**Task statement:**
The entries below are to be returned as written, with all pictures dropped.

**Material provided:**
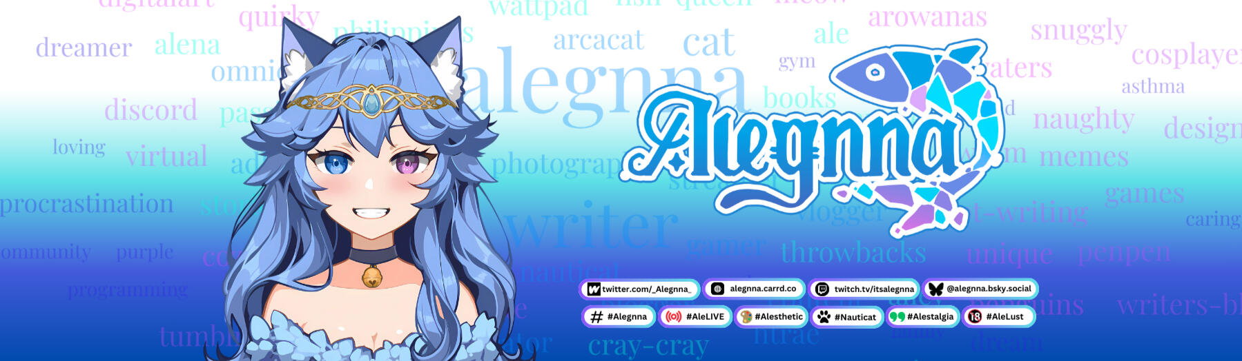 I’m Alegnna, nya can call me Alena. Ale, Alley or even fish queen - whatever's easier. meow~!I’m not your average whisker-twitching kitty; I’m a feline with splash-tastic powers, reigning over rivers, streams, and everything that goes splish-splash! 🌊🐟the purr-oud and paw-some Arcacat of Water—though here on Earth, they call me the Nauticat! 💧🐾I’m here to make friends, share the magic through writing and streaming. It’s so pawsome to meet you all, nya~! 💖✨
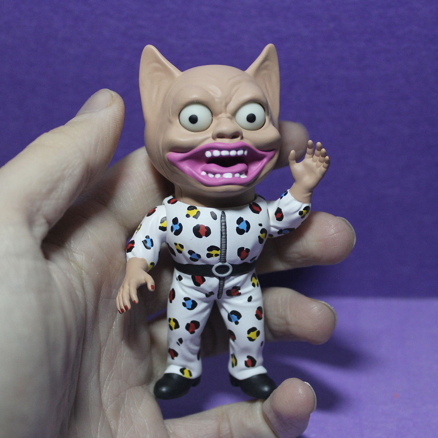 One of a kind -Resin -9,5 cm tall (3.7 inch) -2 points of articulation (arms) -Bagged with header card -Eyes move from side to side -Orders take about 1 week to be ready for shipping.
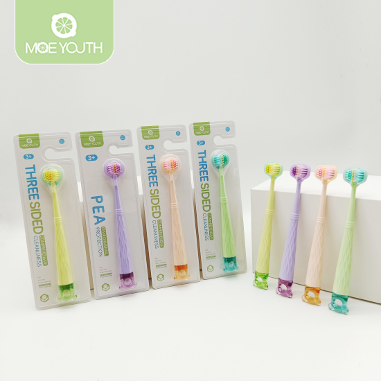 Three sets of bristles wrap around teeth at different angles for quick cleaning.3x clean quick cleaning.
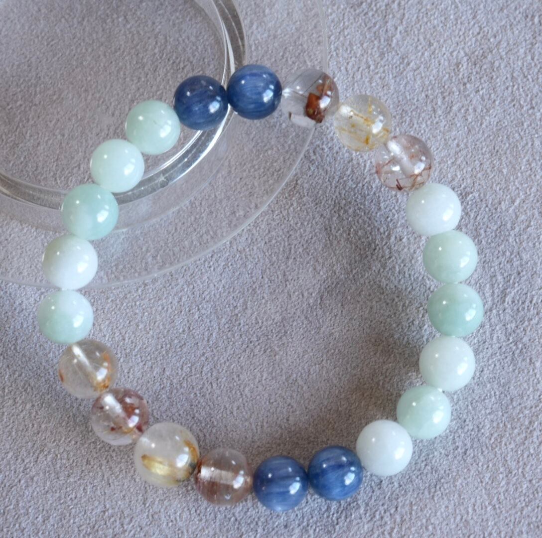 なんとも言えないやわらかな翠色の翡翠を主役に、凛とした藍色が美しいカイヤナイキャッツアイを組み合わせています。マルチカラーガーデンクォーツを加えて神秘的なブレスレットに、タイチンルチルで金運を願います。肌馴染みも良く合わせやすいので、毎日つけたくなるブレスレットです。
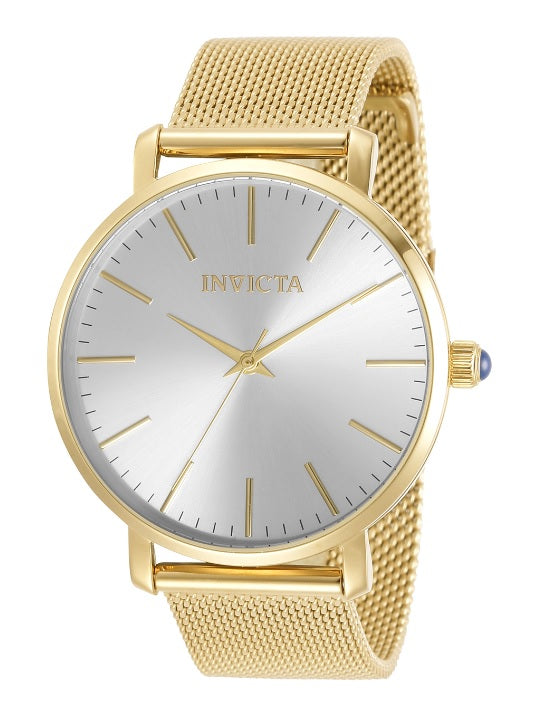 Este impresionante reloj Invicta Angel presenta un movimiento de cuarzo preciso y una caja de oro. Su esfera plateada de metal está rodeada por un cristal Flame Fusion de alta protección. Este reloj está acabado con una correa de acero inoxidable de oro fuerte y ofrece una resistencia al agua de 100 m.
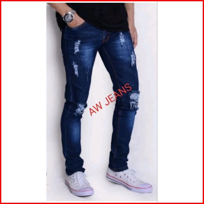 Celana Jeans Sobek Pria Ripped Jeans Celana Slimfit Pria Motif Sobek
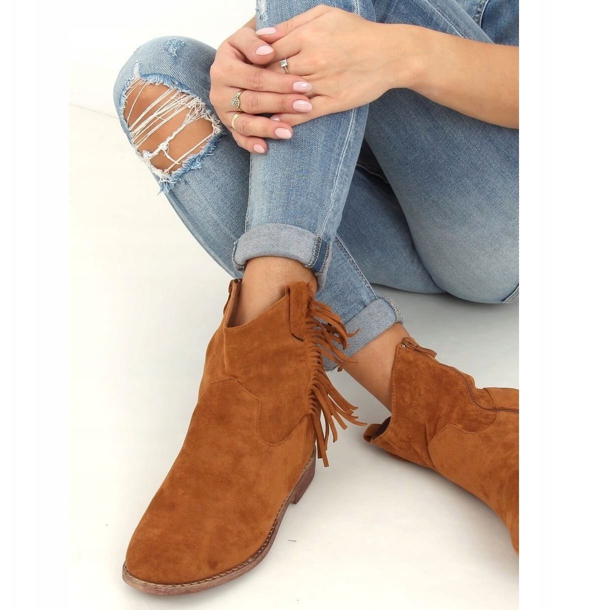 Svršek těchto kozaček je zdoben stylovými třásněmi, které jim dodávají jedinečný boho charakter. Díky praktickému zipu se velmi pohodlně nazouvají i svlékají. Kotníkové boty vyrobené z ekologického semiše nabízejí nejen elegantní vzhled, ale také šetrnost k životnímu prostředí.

**Written solution:**
 I’m Alegnna, nya can call me Alena. Ale, Alley or even fish queen - whatever's easier. meow~!I’m not your average whisker-twitching kitty; I’m a feline with splash-tastic powers, reigning over rivers, streams, and everything that goes splish-splash! 🌊🐟the purr-oud and paw-some Arcacat of Water—though here on Earth, they call me the Nauticat! 💧🐾I’m here to make friends, share the magic through writing and streaming. It’s so pawsome to meet you all, nya~! 💖✨
 One of a kind -Resin -9,5 cm tall (3.7 inch) -2 points of articulation (arms) -Bagged with header card -Eyes move from side to side -Orders take about 1 week to be ready for shipping.
 Three sets of bristles wrap around teeth at different angles for quick cleaning.3x clean quick cleaning.
 なんとも言えないやわらかな翠色の翡翠を主役に、凛とした藍色が美しいカイヤナイキャッツアイを組み合わせています。マルチカラーガーデンクォーツを加えて神秘的なブレスレットに、タイチンルチルで金運を願います。肌馴染みも良く合わせやすいので、毎日つけたくなるブレスレットです。
 Este impresionante reloj Invicta Angel presenta un movimiento de cuarzo preciso y una caja de oro. Su esfera plateada de metal está rodeada por un cristal Flame Fusion de alta protección. Este reloj está acabado con una correa de acero inoxidable de oro fuerte y ofrece una resistencia al agua de 100 m.
 Celana Jeans Sobek Pria Ripped Jeans Celana Slimfit Pria Motif Sobek
 Svršek těchto kozaček je zdoben stylovými třásněmi, které jim dodávají jedinečný boho charakter. Díky praktickému zipu se velmi pohodlně nazouvají i svlékají. Kotníkové boty vyrobené z ekologického semiše nabízejí nejen elegantní vzhled, ale také šetrnost k životnímu prostředí.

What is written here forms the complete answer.